There is a vibrant, thriving CGM site. (CGM == community generated media).
An entity with money buys the site.
Things stay the same for a while. Invariably, the owning entity wants feature, UI, and usability changes made to their new property.
These changes aren't being made to serve the interests of the existing community.
Here's what happens.
Either, the community dissolves entirely, and something wonderful disappears and dies.
Or, the community mostly moves to a new site, which rallies around what people liked about the old site.
Here is a very specific example. There is a site called "Audiworld". It ran, for a very long time, a funny and antiquated forum software called "KAWF". Audiworld was the top destination on the English speaking internet for Audi enthusiasts. Absolutely excellent technical information about the cars, and many off-topic forums developed to serve the die-hard user community the site had.
Audiworld was bought by InternetBrands and converted to vBulletin. This was against the wishes and strong feedback from most of the cornerstone members of the community.
IB persisted and did the conversion.
Within a week or so, "Quattroworld" showed up as a competitor, and nearly ALL of the technical experts and cornerstone members dumped Audiworld and moved to Quattroworld.
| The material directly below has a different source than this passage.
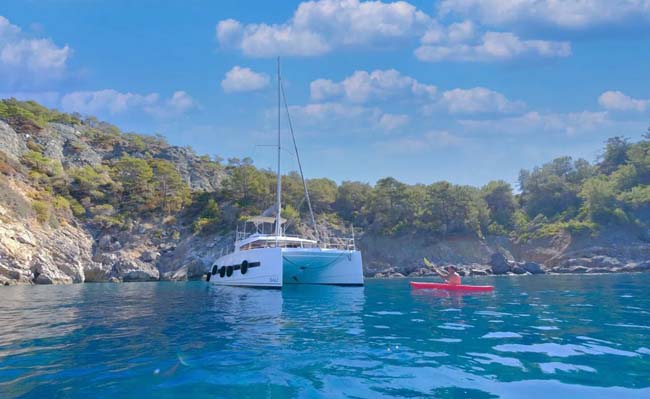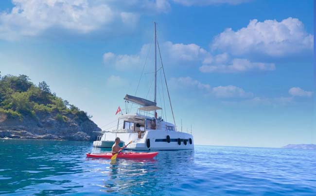 Bali 4.1 model olan My dreams Catamaran 12,5 metre boyunda ve 7 metre enindedir.. My dreams Bali 4.1 catamaran da 4 Double kabin bulunmaktadır. Toplamda 4 adet kabini bulunan My dreams katamaranı, maksimum 8 kişiye kadar mavi yolculuk ve yat kiralama hizmeti sunmaktadır. Fethiye limanına kayıtlı olup,Fethiye ve Göcek bölgesindeki koylarda misafirlerimize mavi tur ve tekne kiralama imkanı sağlamaktadır. 2x45 Hp Yanmar gücünde ana makinası mevcuttur.Mavi Yolculukda misafirlerimize konforu, lüksü ve huzuru bir arada yaşatan bu yatımız maksimum 9 knot deniz miline erişmektedir. Teknemizde tam donanımlı mutfak,tüm misafirlere yetecek güneşlenme minderleri.tv,wifi,jeneratör,kano mevcut olup mavi yolculuk tekne tatiliniz için her detay düşünülmüştür. Tekne tatili öncesinde tekne kaptanımız size ulaşarak alışveriş listenizi birlikte planlamaktadır. Catamaranda aşçı hizmeti yoktur. Misafirler tekne mutfağında yemeklerini hazırlayabilir yada yanaşılan koylardaki restoan işletmelerden yararlanabilirler.Aşçı isteyen misafirlereimize dışardan günlük ücrete tabi olmak kaydı ile temin edilebilir. Sevdikleriniz ve aileniz ile birlikte muhteşem anılar biriktireceğiniz bir tekne tatili için bize ulaşmanız yeterlidir. Doğru analiz ,doğru tekne ve doğru hizmet , misyon anlayışı ile çıktığımız yolda,sizlere tekne kiralama sektöründe hizmet vermekten mutluluk duyarız.
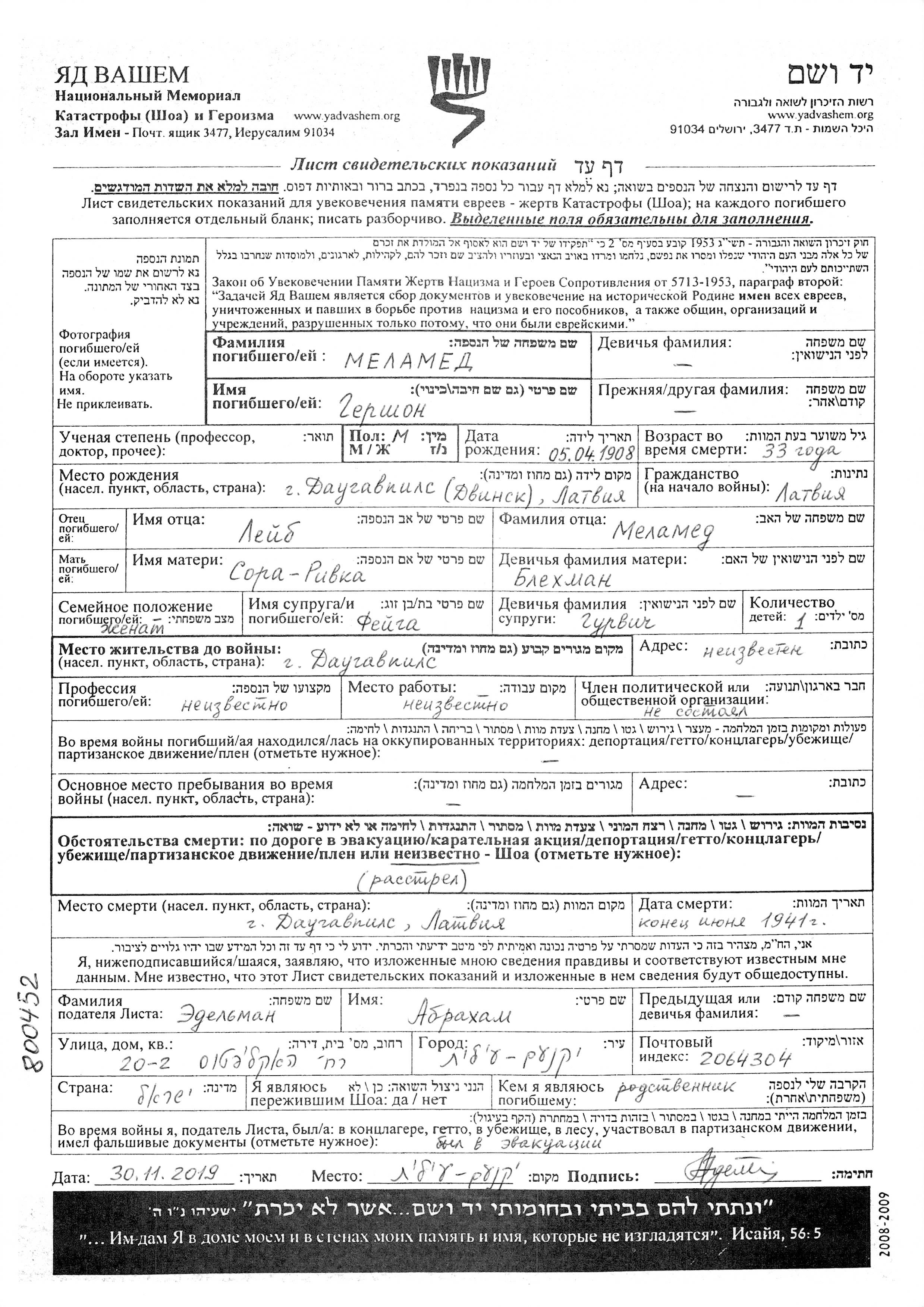 מלמד גרשון 1908 Daugavpils, לטביה דף-עד

Quattoworld simply chose to keep running the previous forum software.
Compare the two sites now:
The "converted" forum:
http://forums.audiworld.com/fo...
The rebellion forum:
http://forums.quattroworld.com...
Look at the information density in the topic listing on the KAWF based forum (the second one). The design is text heavy, information dense, not filled with ads and distractions.
It works on any device; it works on browsers from 10 years ago.
Now look at the vBulletin based forum.
Look at the quality of questions in the vBulletin form.
See any answers?
No, you don't.
Communities are the life of sites like slashdot. You piss off your community at your peril.
We are not interested in suffering so that you can expand your audience. We don't want an expanded audience. The people who should be here are here. The people who haven't found out about here yet will find out, and when they find it, they won't mind the design of the site.
How many other web forums does John Carmack post in? How many other forums get occasional visits from Linux developers? Where else do you see the occasional Microsoft and Apple employee talking about things candidly and without bashing each other?
Stack Exchange has excellent technical content and lots of very bright posters -- but it isn't a social community like this one.
When Classic is retired, and its inevitable replacement has lower information density and makes reading and participating more cumbersome, this community will leave.
Hopefully, it will go somewhere else that runs a fork of the classic code, and life will go on for us, the contributors.
But if not, then it will die entirely. The web will be a worse place; and I will consider myself worse off for the loss.
Your community doesn't need a site redesign. We haven't asked for it. We don't want it. So you're not doing it for us.
If you're not serving us, you've outlived your usefulness.
The internet routes around defects. You'd do well to remember that.